By late July, forest fires had broken out in the Esterel Mountains, and the morning air was tinged with the smell of burning pine and eucalyptus as Owen drove along the coast to deliver the records Sara had requested.
The cliffs above the coast were a tinderbox. Owen had seen the ravages of the flames when he’d flown over, black pockmarks where trees and scrub had been eaten away. The visibility was bad inland; the fire threw up pink and violet smoke. At night, the sky glowed orange in the distance.
It had been a bad month for Owen, although the summer season was always slow. But then there’d been trouble with the plane’s engine, that so-called instrument of precision, which had grounded That Girl and delayed the few runs he did have. He’d managed only three trips in four weeks: Switzerland and Belgium and London. Mostly for edibles and dry goods that the foreigners in the grand hotels in Nice and Cannes couldn’t seem to live without. So he’d been glad of Gerald’s errand, if only for the extra cash.
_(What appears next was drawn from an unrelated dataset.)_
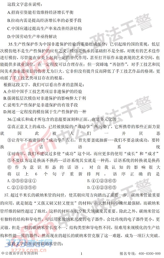 [组图]2014辽宁省政法干警行测(专科)真题
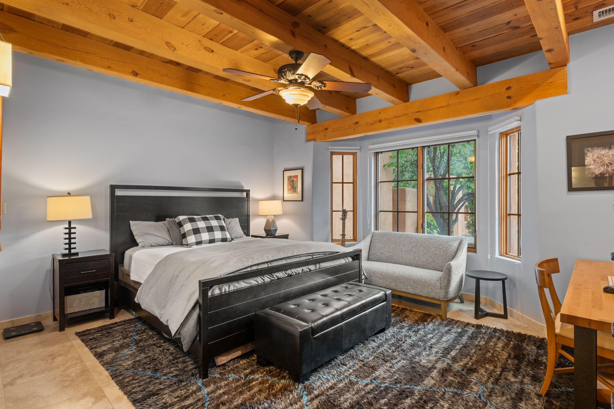 Gorgeous, peaceful, remarkable. A beautiful mediterranean adobe villa by John Calvin. Set in a lush and well-manicured setting on a very special street in the Village of Los Ranchos. Walk or ride your bike to Los Poblanos Historic Inn, Campo, Los Ranchos Growers Market, and much more. The home features a chef's kitchen, spacious en-suite bedrooms, stunning garden views from every window, and a large koi pond and a private irrigation well. Radiant heat, central AC, Wolf range, 5 fireplaces including an outdoor kiva, travertine floors, 3 Car garage. Separated & Quiet Master Suite. Kitchen features include Wolf range, subzero fridge, double-oven, wine cooler, & oversized island. Enjoy views of the gardens and landscaping from every room, with a walled backyard.

He drove through Antibes and down the boulevard du Cap, which ran the length of the peninsula below the old town. He’d never been up to the hotel where the Murphys lived. The few meetings he’d had with them late last summer had been on their preferred beach, La Garoupe, sometimes with small gatherings of their friends, who treated him kindly but mostly left him to his own devices. He couldn’t be sure if that was his doing or because their friends didn’t really know what to make of him. He wasn’t an artist or an intellectual or rich. Nor was he a servant. That must confuse them, he’d decided. Either way, it didn’t bother him. Not really.